• _Assigned task_: With pictures excluded, copy word for word the lines in the data below from the line containing "3月20日,香港特區政府發佈" through the line containing "6月26日, 在泰国玛哈莎拉".

• _Recorded data_:
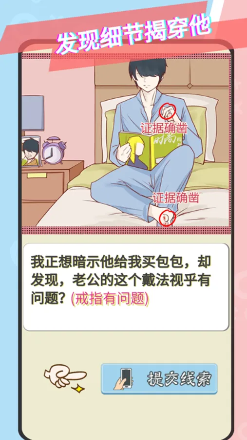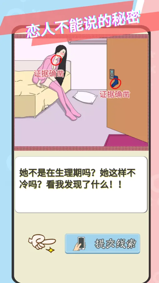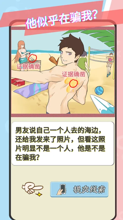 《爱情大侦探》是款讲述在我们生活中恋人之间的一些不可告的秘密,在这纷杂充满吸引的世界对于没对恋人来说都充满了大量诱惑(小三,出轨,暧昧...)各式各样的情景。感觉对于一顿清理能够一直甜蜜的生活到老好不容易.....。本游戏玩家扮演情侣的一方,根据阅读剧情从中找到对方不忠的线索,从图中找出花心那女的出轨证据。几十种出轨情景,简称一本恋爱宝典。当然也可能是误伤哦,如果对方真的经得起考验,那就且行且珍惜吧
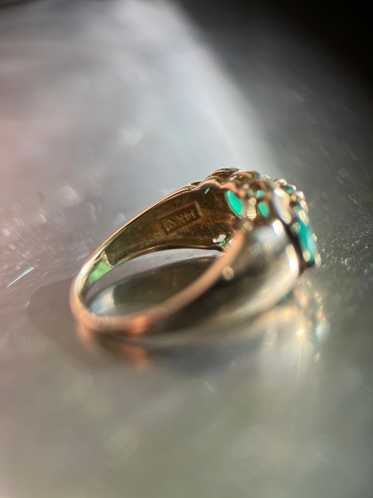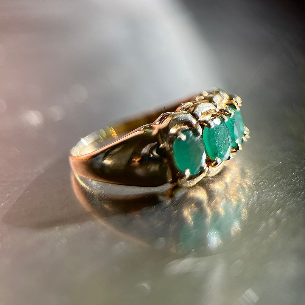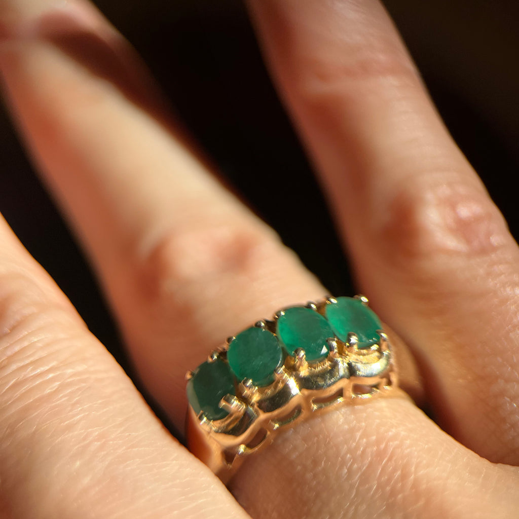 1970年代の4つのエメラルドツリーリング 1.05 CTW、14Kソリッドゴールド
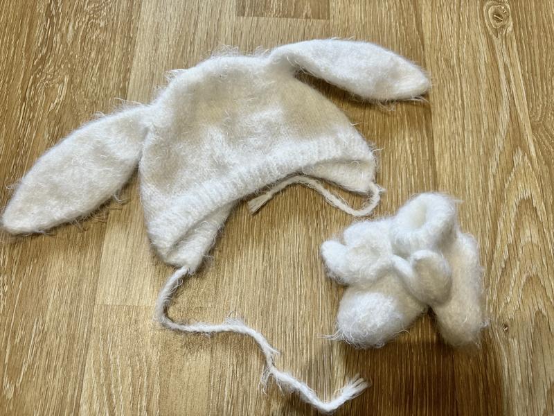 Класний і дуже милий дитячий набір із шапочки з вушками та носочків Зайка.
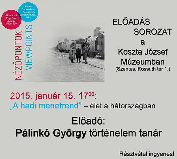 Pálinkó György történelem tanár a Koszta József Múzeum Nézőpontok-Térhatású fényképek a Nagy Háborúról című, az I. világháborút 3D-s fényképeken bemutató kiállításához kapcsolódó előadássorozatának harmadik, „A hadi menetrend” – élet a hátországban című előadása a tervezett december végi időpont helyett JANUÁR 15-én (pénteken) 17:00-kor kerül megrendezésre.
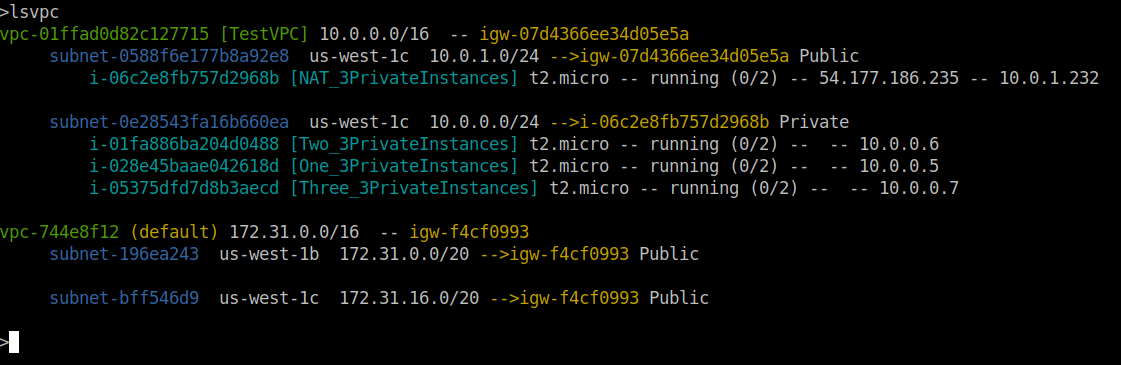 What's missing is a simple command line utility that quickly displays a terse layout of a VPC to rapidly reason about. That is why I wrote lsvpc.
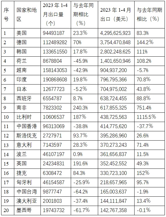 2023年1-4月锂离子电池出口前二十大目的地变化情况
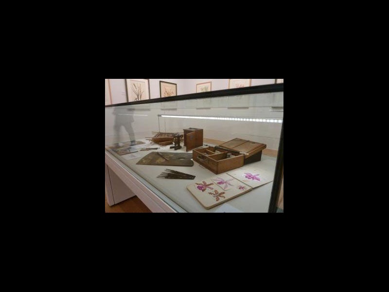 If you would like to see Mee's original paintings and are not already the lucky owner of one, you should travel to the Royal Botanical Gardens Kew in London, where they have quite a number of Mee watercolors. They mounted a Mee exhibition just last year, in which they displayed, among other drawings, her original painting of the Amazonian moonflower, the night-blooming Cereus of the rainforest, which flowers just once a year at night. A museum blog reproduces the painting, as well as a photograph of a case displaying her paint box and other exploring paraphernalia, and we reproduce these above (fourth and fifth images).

...

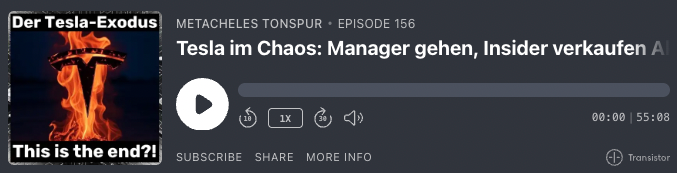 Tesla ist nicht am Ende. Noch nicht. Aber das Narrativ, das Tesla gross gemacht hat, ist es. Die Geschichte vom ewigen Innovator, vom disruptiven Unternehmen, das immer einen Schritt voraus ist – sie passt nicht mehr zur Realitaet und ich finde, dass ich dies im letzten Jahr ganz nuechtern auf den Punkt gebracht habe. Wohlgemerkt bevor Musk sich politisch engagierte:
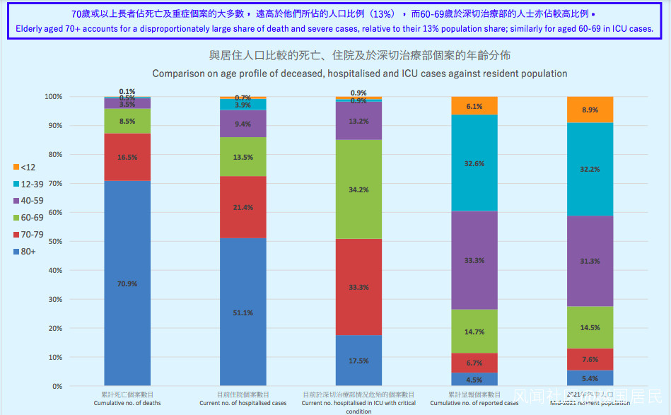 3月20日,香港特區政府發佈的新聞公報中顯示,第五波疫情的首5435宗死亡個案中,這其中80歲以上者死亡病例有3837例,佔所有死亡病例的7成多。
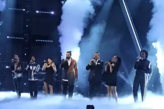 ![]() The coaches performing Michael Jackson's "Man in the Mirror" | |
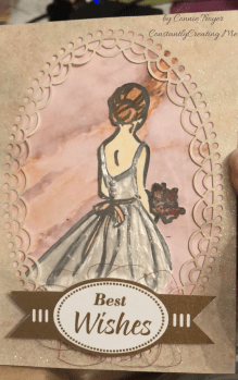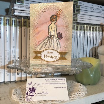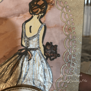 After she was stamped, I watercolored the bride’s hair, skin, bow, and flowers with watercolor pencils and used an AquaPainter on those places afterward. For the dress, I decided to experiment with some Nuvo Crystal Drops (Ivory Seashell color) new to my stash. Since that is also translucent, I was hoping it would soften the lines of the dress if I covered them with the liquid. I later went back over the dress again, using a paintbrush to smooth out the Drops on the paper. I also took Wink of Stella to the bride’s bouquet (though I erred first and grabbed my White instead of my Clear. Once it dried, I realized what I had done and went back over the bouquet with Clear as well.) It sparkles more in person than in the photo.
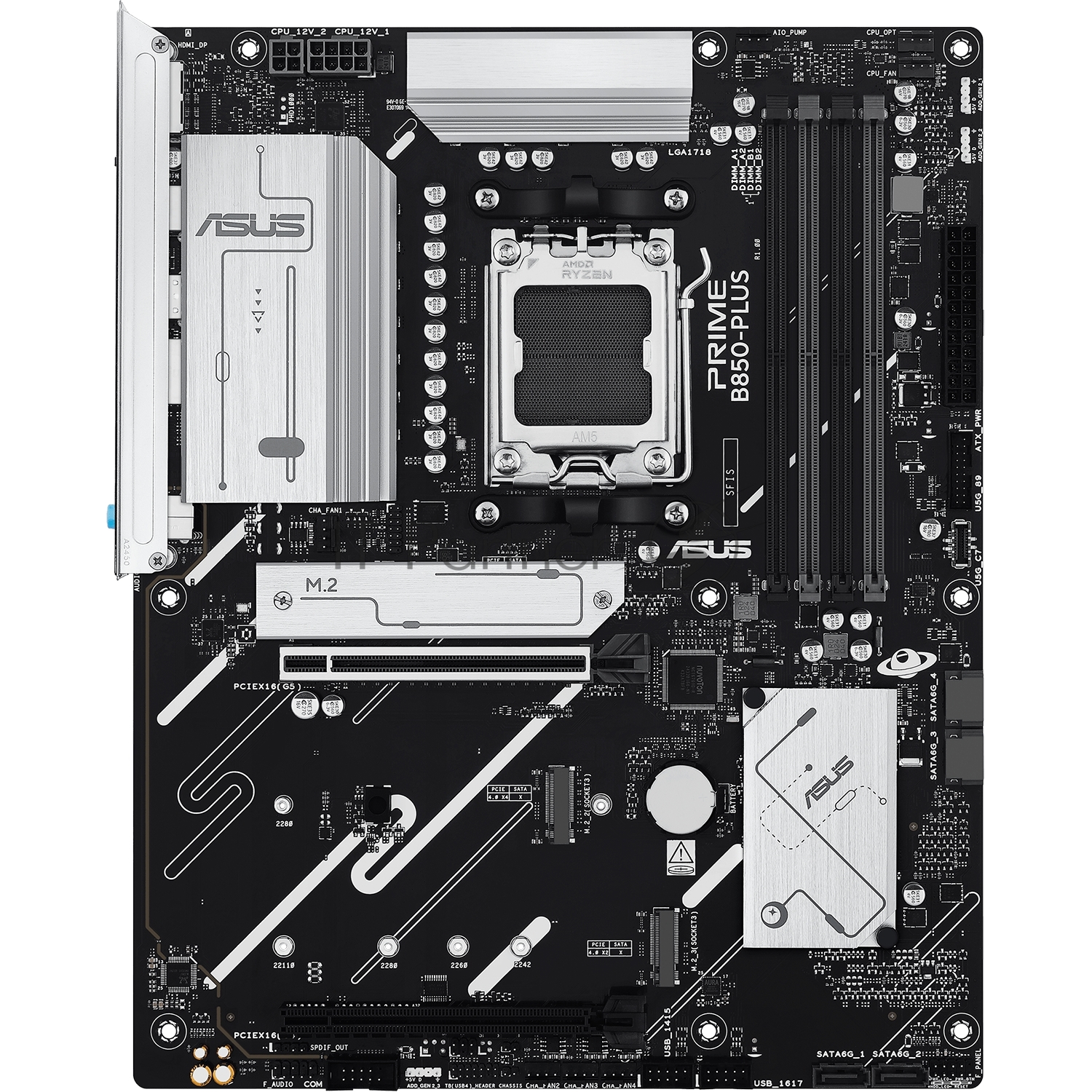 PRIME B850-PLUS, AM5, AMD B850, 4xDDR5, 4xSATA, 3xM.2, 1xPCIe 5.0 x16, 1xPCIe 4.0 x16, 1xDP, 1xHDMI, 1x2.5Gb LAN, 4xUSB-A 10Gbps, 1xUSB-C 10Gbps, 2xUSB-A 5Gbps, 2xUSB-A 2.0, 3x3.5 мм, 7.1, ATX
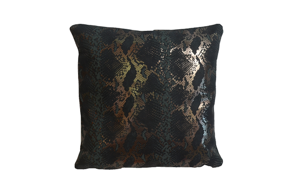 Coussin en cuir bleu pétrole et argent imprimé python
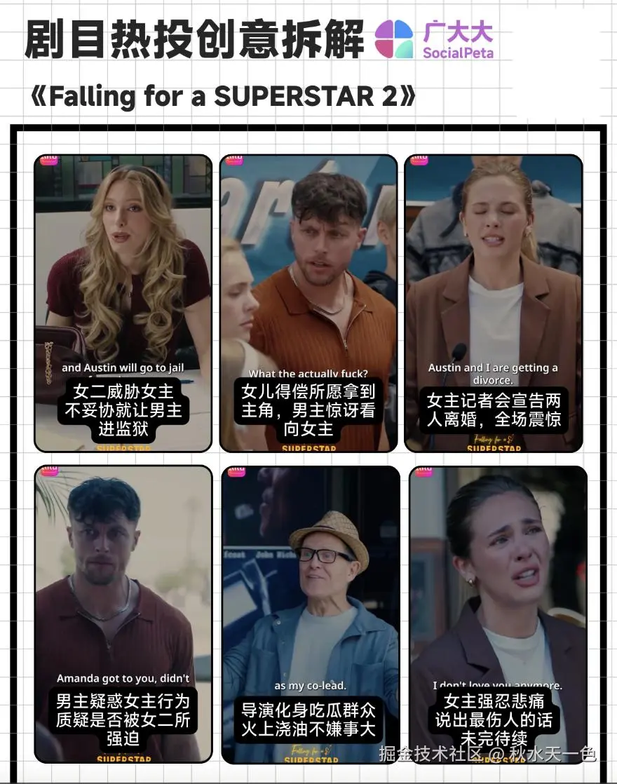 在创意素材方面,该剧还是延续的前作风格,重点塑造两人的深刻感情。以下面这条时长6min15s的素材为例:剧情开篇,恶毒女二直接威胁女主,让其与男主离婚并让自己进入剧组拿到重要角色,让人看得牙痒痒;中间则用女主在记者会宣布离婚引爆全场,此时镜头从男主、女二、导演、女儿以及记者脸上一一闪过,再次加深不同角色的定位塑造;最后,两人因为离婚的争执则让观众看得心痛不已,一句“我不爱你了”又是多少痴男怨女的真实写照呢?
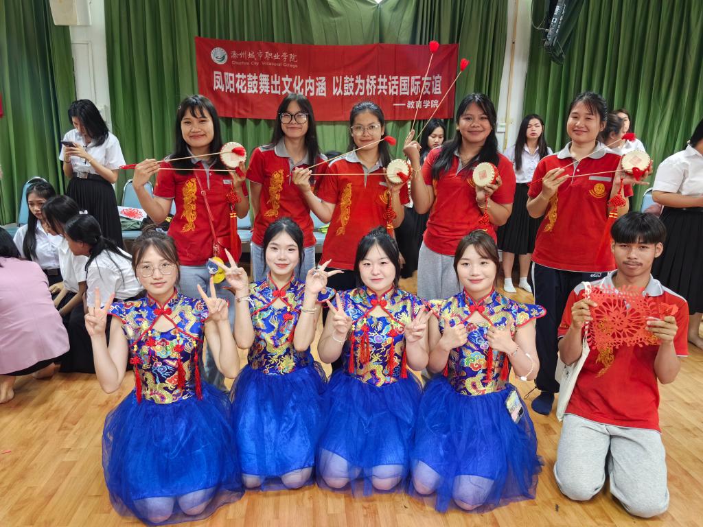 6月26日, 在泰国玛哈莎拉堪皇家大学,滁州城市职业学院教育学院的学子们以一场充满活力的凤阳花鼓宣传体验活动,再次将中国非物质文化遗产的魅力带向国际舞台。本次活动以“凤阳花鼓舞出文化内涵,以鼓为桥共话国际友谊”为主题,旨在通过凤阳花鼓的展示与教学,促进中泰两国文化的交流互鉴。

* * *

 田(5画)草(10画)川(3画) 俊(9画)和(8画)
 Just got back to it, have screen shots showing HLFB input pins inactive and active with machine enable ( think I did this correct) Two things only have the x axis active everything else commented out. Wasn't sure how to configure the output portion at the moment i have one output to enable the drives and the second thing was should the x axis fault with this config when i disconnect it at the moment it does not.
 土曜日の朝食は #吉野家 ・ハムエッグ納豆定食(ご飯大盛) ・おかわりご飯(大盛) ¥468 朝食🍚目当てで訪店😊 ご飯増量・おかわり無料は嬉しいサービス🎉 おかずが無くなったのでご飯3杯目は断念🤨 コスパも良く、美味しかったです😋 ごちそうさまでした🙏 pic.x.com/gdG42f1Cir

• _Task output_:
 3月20日,香港特區政府發佈的新聞公報中顯示,第五波疫情的首5435宗死亡個案中,這其中80歲以上者死亡病例有3837例,佔所有死亡病例的7成多。
 ![]() The coaches performing Michael Jackson's "Man in the Mirror" | |
 After she was stamped, I watercolored the bride’s hair, skin, bow, and flowers with watercolor pencils and used an AquaPainter on those places afterward. For the dress, I decided to experiment with some Nuvo Crystal Drops (Ivory Seashell color) new to my stash. Since that is also translucent, I was hoping it would soften the lines of the dress if I covered them with the liquid. I later went back over the dress again, using a paintbrush to smooth out the Drops on the paper. I also took Wink of Stella to the bride’s bouquet (though I erred first and grabbed my White instead of my Clear. Once it dried, I realized what I had done and went back over the bouquet with Clear as well.) It sparkles more in person than in the photo.
 PRIME B850-PLUS, AM5, AMD B850, 4xDDR5, 4xSATA, 3xM.2, 1xPCIe 5.0 x16, 1xPCIe 4.0 x16, 1xDP, 1xHDMI, 1x2.5Gb LAN, 4xUSB-A 10Gbps, 1xUSB-C 10Gbps, 2xUSB-A 5Gbps, 2xUSB-A 2.0, 3x3.5 мм, 7.1, ATX
 Coussin en cuir bleu pétrole et argent imprimé python
 在创意素材方面,该剧还是延续的前作风格,重点塑造两人的深刻感情。以下面这条时长6min15s的素材为例:剧情开篇,恶毒女二直接威胁女主,让其与男主离婚并让自己进入剧组拿到重要角色,让人看得牙痒痒;中间则用女主在记者会宣布离婚引爆全场,此时镜头从男主、女二、导演、女儿以及记者脸上一一闪过,再次加深不同角色的定位塑造;最后,两人因为离婚的争执则让观众看得心痛不已,一句“我不爱你了”又是多少痴男怨女的真实写照呢?
 6月26日, 在泰国玛哈莎拉堪皇家大学,滁州城市职业学院教育学院的学子们以一场充满活力的凤阳花鼓宣传体验活动,再次将中国非物质文化遗产的魅力带向国际舞台。本次活动以“凤阳花鼓舞出文化内涵,以鼓为桥共话国际友谊”为主题,旨在通过凤阳花鼓的展示与教学,促进中泰两国文化的交流互鉴。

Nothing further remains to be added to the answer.